Bob was frightened; death hung heavily in the air, and the pack moved uneasily as their prey approached. He let his mind drift. Bob remained connected to the person he had been before he died, to his humanity. It confused all the other vampires. In vampire years, Bob was a young lifer, a brand-new vampire. Draining humans in exchange for everlasting life was abnormal and abhorrent to him.
Rose, the vampire that had turned Bob into a vampire, had been like him. They had met on August 4th, 1987, at a New Wave show and had snuck into an alley to smoke a joint together. When Rose told him she was a vampire, he laughed and asked if she would bite him, but softly, to prove it. Rose had said she would bite him, but only if he bit her after, and he had to bite her as hard as she bit him.

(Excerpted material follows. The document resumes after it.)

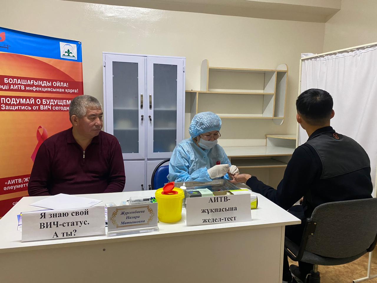 ЖИТС орталығының мамандары АИТВ-жұқпасына өз еркімен жедел-тест әдісімен тексерілу жұмыстарын ұйымдастырып, тестіге дейін және тестіден кейінгі кеңестер берді.
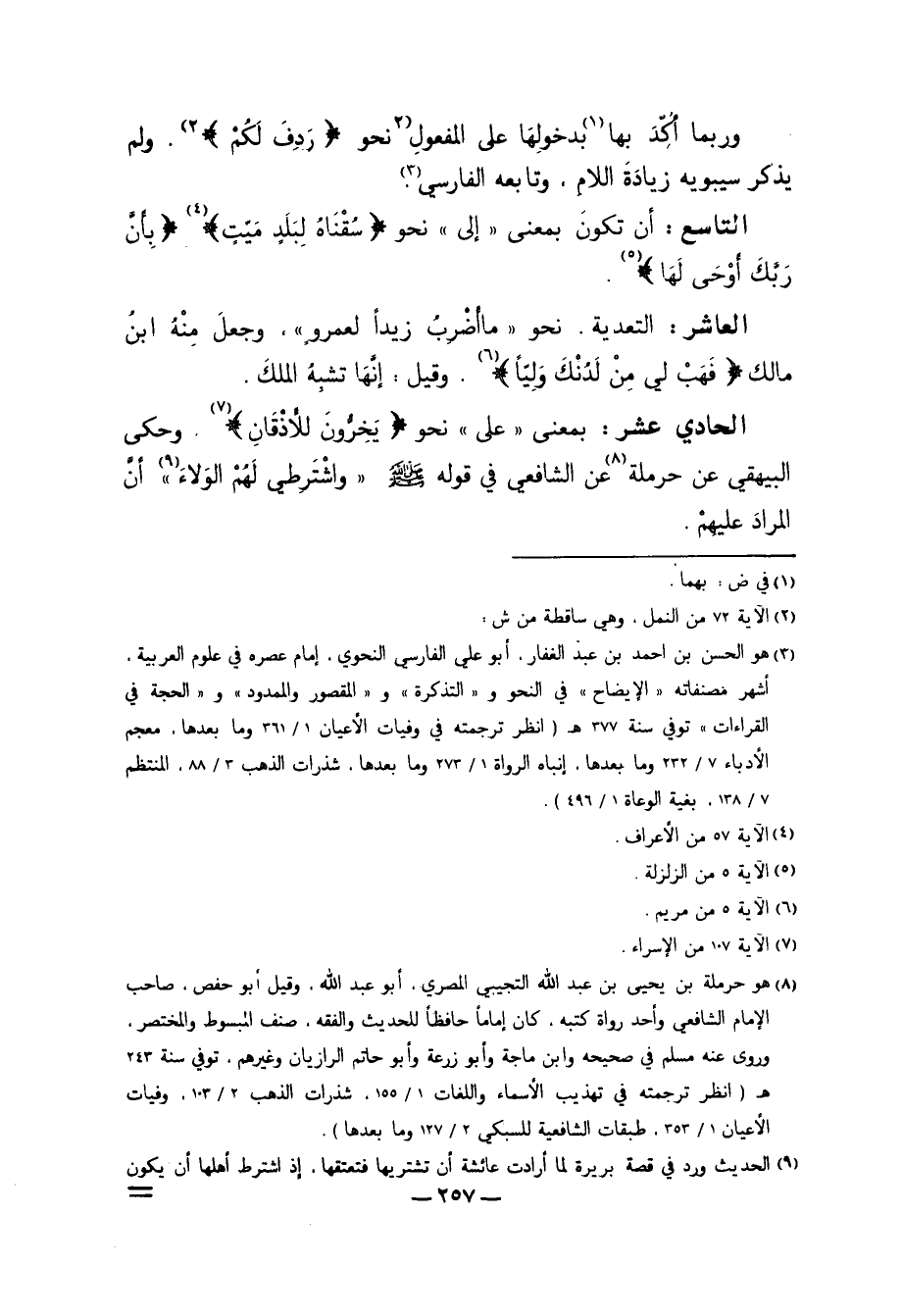 8 هو حرملة بن يحيى بن عبد الله التجيبي المصري، أبو عبد الله، وقيل أبو حفص، صاحب الإمام الشافعي وأحد رواة كتبه، كان إماماً حافظاً للحديث والفقه، صنف المبسوط والمختصر، وروى عنه مسلم في صحيحه وابن ماجة وأبو زرعة وأبو حاتم الرازيان وغيرهم. توفي سنة 243هـ. "انظر ترجمته في تهذيب الأسماء واللغات 1/ 155، شذرات الذهب 2/ 103، وفيات الأعيان 1/ 353، طبقات الشافعية للسبكي 2/ 127 وما بعدها".

Rose’s bite had been gentle: it barely drew blood. Bob had bit Rose just enough to scrape a little of her skin off and taste her blood on his lips. Roses’ blood had tasted strange, coppery, and floral on the tongue. After the bite exchange, Rose laughed and said, “Welcome to the family.” That was how Bob became a vampire, the most peaceful vampire birth ever.
That night Bob had died as Rose cradled him next to her, and the next night he had risen from a fresh grave to see Rose waiting, rolling a joint for the two of them with a smile on her face.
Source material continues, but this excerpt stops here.